During the 2008 season, Beth and Lindern competed in three USDF/– USEF-licensed shows and scored in the upper 50s and low 60s. Her top score of the year was earned at the PVDA Loch Moy Farm show, where she and Lindern scored a 62.051% for their Third Level Test 1 ride.
Beth says the highlight of the season was winning this award and earning her USDF Bronze Medal.
The Bright Future
Due to an early spring surgery to repair a herniated disk, Beth had to take most of the 2009 season off. Farm work and riding during the recovery time were interesting in that she was not allowed to lift anything that was five pounds or heavier for a minimum of six weeks. During that time, she also gave Lindern some time off, but now “all systems are go and I hope to get to a show in the fall.”
“I’ve been using the time to focus training at home and correct a few basic things [for both me and Lindern],” she explained. Now she is back in lessons with trainer Evelyn Susol of Cool Breeze Farm. Beth has worked with a variety of trainers through the years, including eventers Ralph Hill and Bruce Davidson Sr., but feels that Evelyn has had the most influence over her riding and in helping her achieve her goals. “She is so patient with me, because she knows my background and is just extremely helpful,” she said.
“Beth and I have been friends for years and she has been taking lessons with me off and on since about 1997,” confirmed Evelyn. Before owning Lindern, Beth would ride mainly her student or client horses with Evelyn. “She is a good professional rider in her own right … I’m more her eyes on the ground,” explained Evelyn, who felt that none of those horses were going to get Beth to her goal of riding at Prix St. Georges.

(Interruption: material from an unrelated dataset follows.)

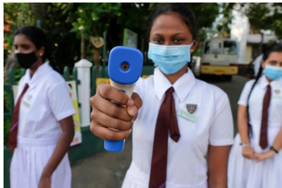
ස්පර්ශ නොවන අධෝරක්ත ශරීර උෂ්ණත්වමානයක් දිගුකර සිටින පාසල් ශිෂ්‍යාවක්

මහජන සෞඛ්‍ය පරීක්ෂකවරු (PHI) සහ සෞඛ්‍ය අමාත්‍යාංශය (MOH) අනුගමනය කරන ප්‍රවේශයන් කාලයත් සමග වෙනස් වෙලා තියෙන්නේ. වසංගතයේ මුල් කාලයේදී ඔවුන් මෙම ක්‍රියාවලිය සඳහා කැපවී සිටියා. දැන් ආසාදිතයින්ගේ සංඛ්‍යාව ඉහළ යමින් තියෙන්නේ; ආහාරපාන සහ අනෙකුත් පහසුකම් ඇතුළු නිරෝධායන පහසුකම් ද යහපත් තත්වය නැහැ. කොහොම වුණත්, ඔවුන් එන්නත් කිරීමේ ක්‍රියාවලිය පරිපාලනය කළ ආකාරය ගැන නම් මම ඉතාමත් සතුටු වෙනවා. බොහෝ ගම්මානවල, වයස අවුරුදු 30 සහ එයට වැඩි පුද්ගලයින් ගෙන් 90% ක් විතර සම්පූර්ණයෙන් ම එන්නත් කරල තියෙන්නේ.

Now with Lindern, Evelyn feels the Beth is well on her way to achieving that goal. “They work well together and have a clear understanding of what is required from each other. They are a very harmonious pair,” Evelyn explained in regards to Beth and Lindern’s partnership. Evelyn did add that Lindern tends to be an overachiever and needs to work on listening to Beth and waiting more patiantly for her instructions.
Overall, Evelyn believes that Beth is very near her goal to wear a shadbelly. “They will probably test the waters at Fourth Level early next year … by the end of next year, I see them riding at Prix St. Georges,” she predicted.
Only time will tell, but for this duo, the future is looking bright. “And for the record, no more riding around in the bed of a truck. I now have a two-horse gooseneck for Lindern and I to travel to shows [in],” added Beth.